Whimsical Wednesday’s: The Journey to becoming Hugz the clown and beyond part 7; Can you make a living as a clown?

Whimsical Wednesday’s: The Journey to becoming Hugz the clown and beyond part 7; Can you make a living as a clown?

It has been an interesting, journey for me back into time, as I write my memoirs of clowning. I have heard from family and friends that they look forward to the next installment of my journey. I have also gotten requests for certain stories that I have shared through the years. Most recently my sister and my dad mentioned that I had not told the story of where they were when they saw me on the front page os USA Today. I laughed and said that is your story not mine.

I have now graduated from Clown College. I have my bachelors degree in FUN arts and I am jobless. My family being the wonderful people they are asked if I want to go back to college and get another degree( read a degree you might be able to use). I say school will always be there, but if I do not try to make it as a clown now, I will never have the courage again. This worried my dad a bit as he asked “but can you make a living being a clown?” I did not know, but why let something like that stop you.

It was a bit like a very old Saturday Night Live Skit. Gilda was having a conversation with her “parents” about what she wanted to do with her life. She was very nervous to tell them but they were very reassuring of their love, there was nothing she could tell them that would make them love her less and on and on. Finally she blurts out that she wants to be a MIME. Her mother without hesitation says “You ungrateful little bitch, a MIME? You want to be a MIME?” And then it goes off from there, with her parents miming to build a house around her, and throwing money at her. It is still one of the funniest skits I have ever seen and the line “You ungrateful little bitch” still puts me in stitches.

I had a couple of friends from clown college that lived in the Chicago area, where I would now be living (very gratefully) with my parents. They were very helpful and I got an agent, a brochure, a job as a waitress and put both of my best clown feet forward. It is a bit like being an actor or other performing arts in that you must promote yourself, be willing to drive long distances dressed as a clown and listen to people tell you to “quit clowning around” over and over.
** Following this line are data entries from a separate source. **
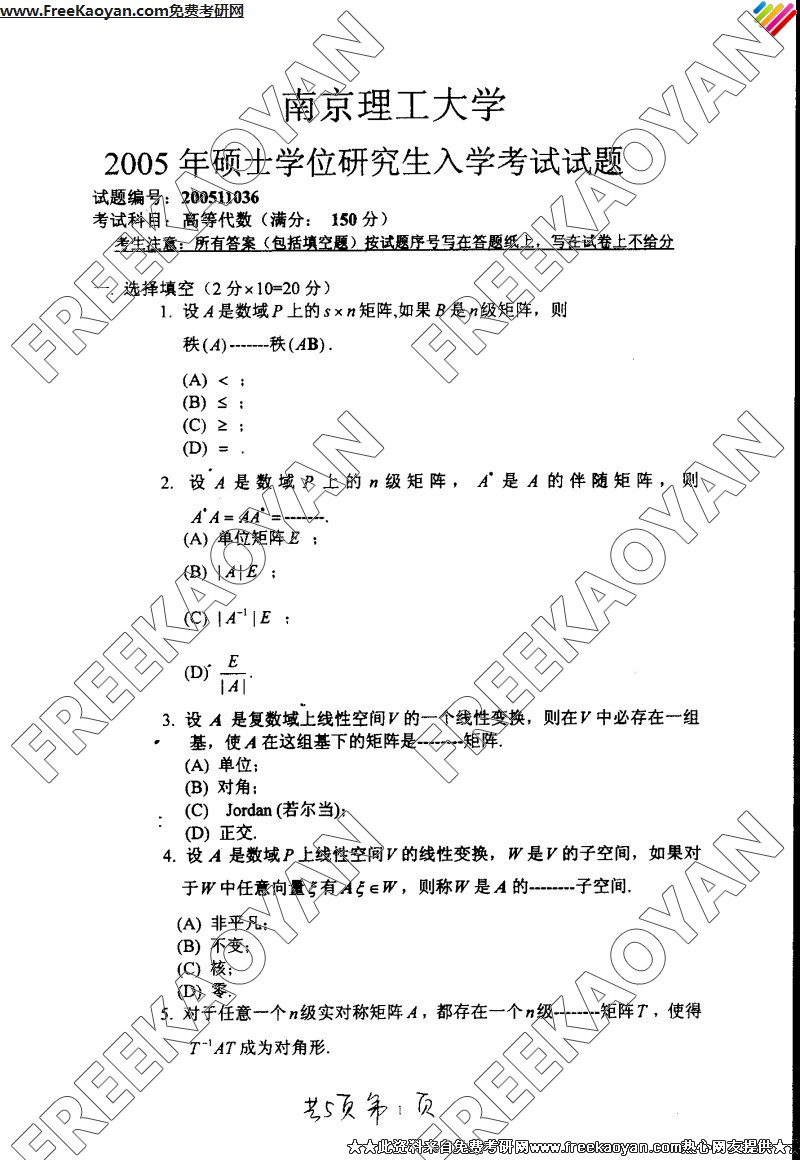 专业课考研经验 本站小编 FreeKaoyan 2018-01-23南京理工大学2005年考研真题-电路
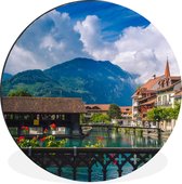 WallCircle - Peinture - Le Cervin Suisse Derrière Une Pinède Et - Multicolore - 90 X 90 Cm
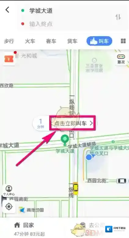 然后会自动跳转到如图所示的页面,在页面中部显示了你现在所处的位置,点击位置图标上方的点击立即叫车。
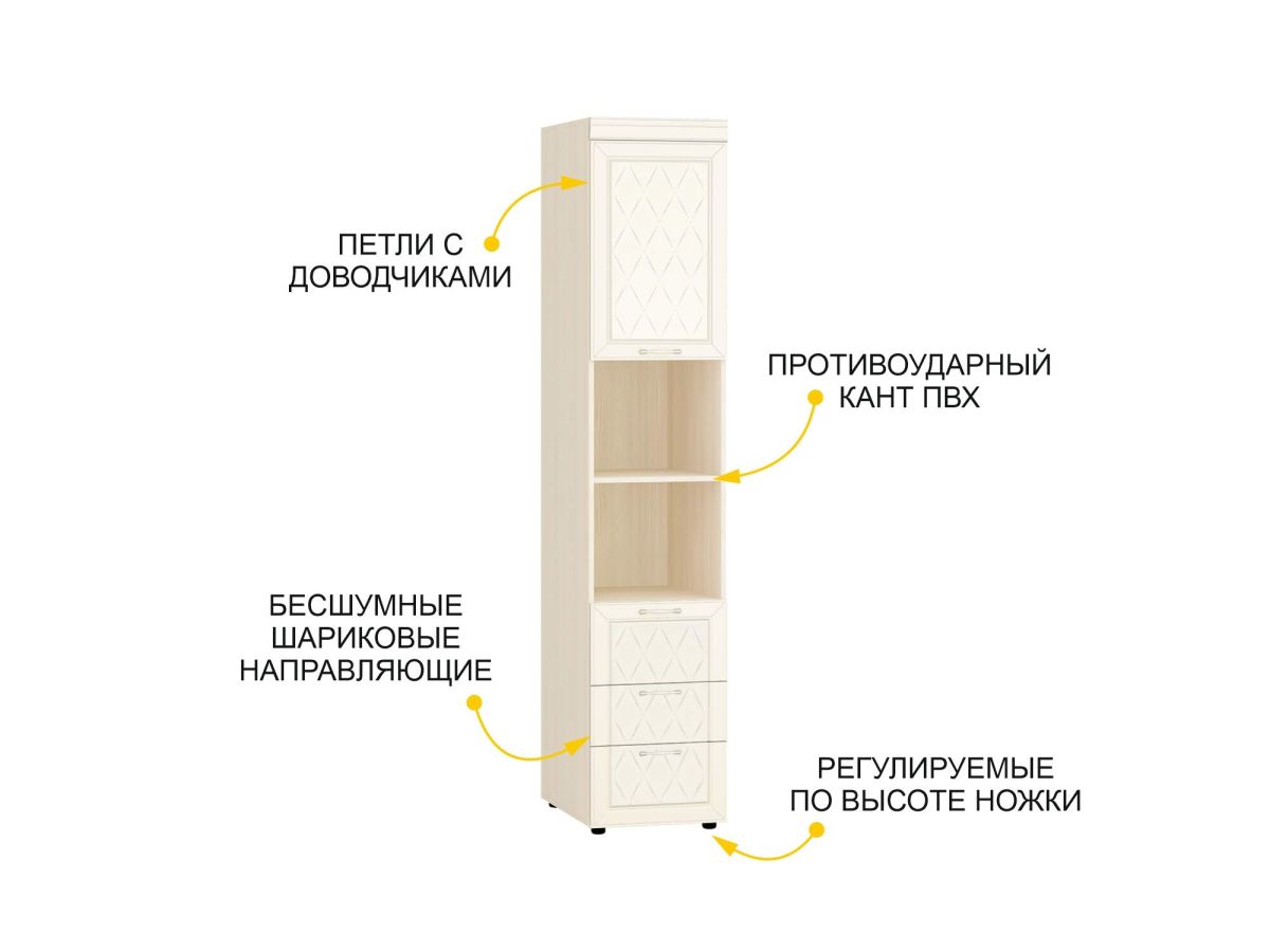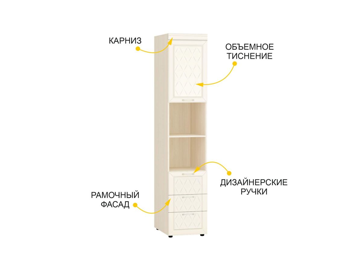 Стеллаж «Тиффани 93.56» является частью модульной программы «Тиффани». Коллекция «Тиффани» - символ классического стиля и незабываемого шарма. Нежные светлые фасады и изысканность декора - отличительная черта коллекции. Ажурные декоративные элементы и кристаллы придают уникальность коллекции.

I did mall grand openings, parades, company picnics, singing telegrams and a whole lot in between. I tried to do birthday parties but all my humor and tricks were not designed for the 4-6 year old and I found I did not have the patience to deal with them. I learned about running a business, accommodations to ask for and how to handle just about any kind of human to clown interaction you can imagine.

In the early years of Hugz, the learning curve was steep and the income a work in progress. My parents were very kind, supportive and worried. It was a time of trial and error and discovering what I could actually do with this wonderful training I had received. I never gave up and though I moved, got engaged, got un-engaged(another blog, another time) moved a few more times, held many different jobs, got married, had a child, I never stopped clowning in some way or another. Then Scott needed to go back to school to finish his Masters of Divinity and I needed to bring in the money, but still take care of our very active one year old. It had now been eight years since graduation and It was now, out of necessity that Hugz became a financially viable, full-time clown.